The parties to the contract must voluntarily agree to the agreement – Any of the parties must not use force (physical or mental) to have another party enter into the contract. Contracts made using undue influence, coercion, duress, fraud, or misrepresentation are not considered valid or enforceable.
There must be a consideration –The parties to commercial agreements must understand that they are bargaining for “something of value,” or consideration. This may be in the form of a promise, or transfer of money or items of value.
The subject matter must be lawful – If the subject matter of the agreement is illegal, then the terms & conditions mentioned in it will not be enforceable lawfully.
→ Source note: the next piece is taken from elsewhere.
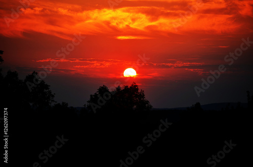 Fototapeta premium Fiery red sunset over silhouetted trees with a dramatic sky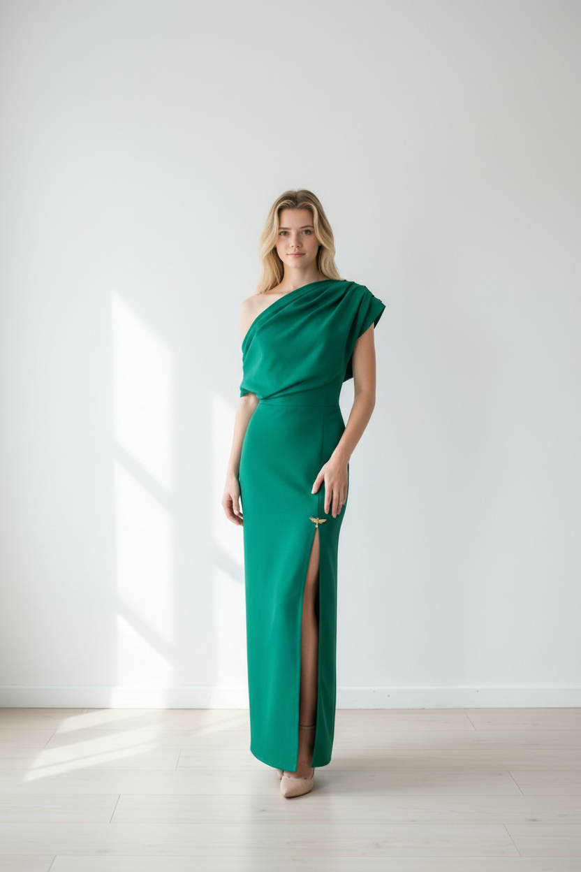 The Ell dress is an elegant, full-length one shoulder dress One of the standout details is the embellishment , adding a subtle touch of texture.

The parties must be in ‘capacity’ at the time of signing the contract – The contract will be considered legally binding only if the parties have the mental ability to understand the terms and conditions at the time of signing it. Parties who enter the agreement under the conditions of mental impairment, intoxication, or age may seek the court to void the contract.
Should a Commercial Agreement Be in Writing?
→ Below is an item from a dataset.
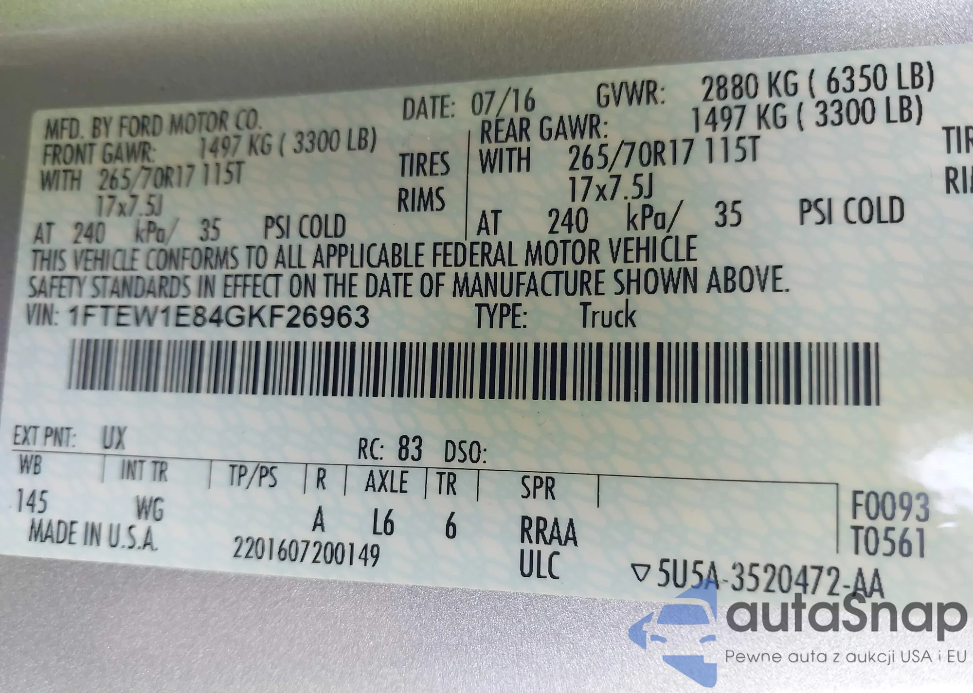 LOT: 43274326 VIN: 1FTEW1E84GKF26963

According to the Uniform Commercial Code and as authorized by all the U.S. states, commercial agreements related to the “sale of goods” exceeding an amount of $500 must be in writing to be legally binding. This also covers bulk sales law prevalent in certain states such as New Jersey. However, UCC statutes do not apply to agreements related to commercial services.
However, every state incorporates a “Statute of Fraud” in their commercial contract law. According to the statute, specific types of agreements should be in writing to be enforceable by law. This also includes agreements related to the sale of an interest in land.
Different Types of Commercial Agreements
A commercial agreement stands viable for any type of business relationship or dealings, including common ones such as –
- Employment agreements
- Customer and vendor agreements
- Partnership or shareholder agreements
- Licensing and intellectual property contracts
- Real estate agreements
- Non-disclosure and confidentiality agreements
Commercial agreements are breached due to either of the parties failing to fulfill their obligations as per the contract. In such cases, you can consider working with a commercial litigation attorney who will work towards protecting your best interests in case a lawsuit is filed.